Told  /  Etymology

Before ‘Fans,’ There Were ‘Kranks,’ ‘Longhairs,’ and ‘Lions’

How do fandoms gain their names?

The exact origins of the modern term “fan” are disputed, but most look to the 1880s, where it was first used by American newspapers to describe particularly invested baseball enthusiasts. But “fan” was just one of the words the press, leagues, clubs, and baseball enthusiasts themselves were using at the time. They were called “enthusiasts,” but also a whole host of other names, from “rooters” to “bugs” to “fiends” to “cranks,” sometimes spelled—as in the German word for “sick”—as “krank.”

“The Krank is a heterogeneous compound of flesh, bone, and base-ball, mostly base-ball,” begins Thomas Williams Lawson’s 1888 book The Krank: His Language and What It Means, a small, humorous glossary described by Major League Baseball’s official historian, John Thorn, as “baseball’s rarest book.” (Thorn has thankfully put a digitized version online.)

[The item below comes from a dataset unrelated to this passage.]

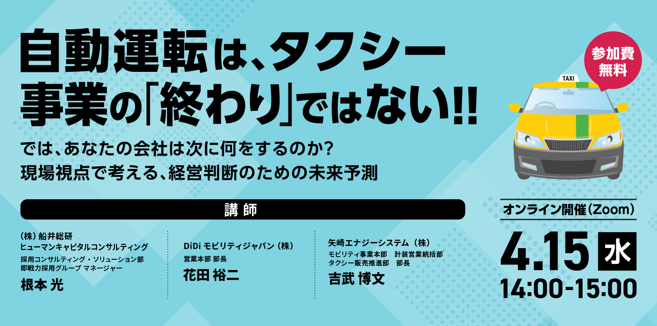 「自動運転時代はタクシーの終わりなのか?」本セミナーでは、その問いに真正面から向き合い、タクシーがこれからも社会に必要とされ続ける理由を紐解きます。

“The Krank cannot be mistaken for any other animal,” Lawson wrote. “His peculiarities are numerous.” Those peculiarities made for a noisy and notably participatory kind of fan culture: Kranks would heckle players, bang drums, and engage as much with each other as with the game. They shared insider lingo and knowledge, like how to bribe the ticket-taker to get into the more comfortable, better-positioned grandstand over the bleachers. They were known to outsiders—authorities, owners, reporters—as a group with an encompassing set of traits. Much like fans today, they were often treated as a monolith: one to be enticed because of their enthusiasms, and policed when those enthusiasms didn’t align with the desires of non-fans.

“How can we use instances of enthusiastic behavior in the past?” asks Daniel Cavicchi, an American Studies scholar who teaches at the Rhode Island School of Design. “How do we point to all of those and say, ‘This is connected to what we consider fandom today?’” Cavicchi, who began his academic career focusing on music fans, is now looking through history to find instances of fandom-like groups, from fire buffs to trainspotters to flower fanciers. “Clubs are formed, people meet regularly, they start doing the same things, and they develop their own language,” Cavicchi says. “All of the things that we associate with fandom today, from music to sports.”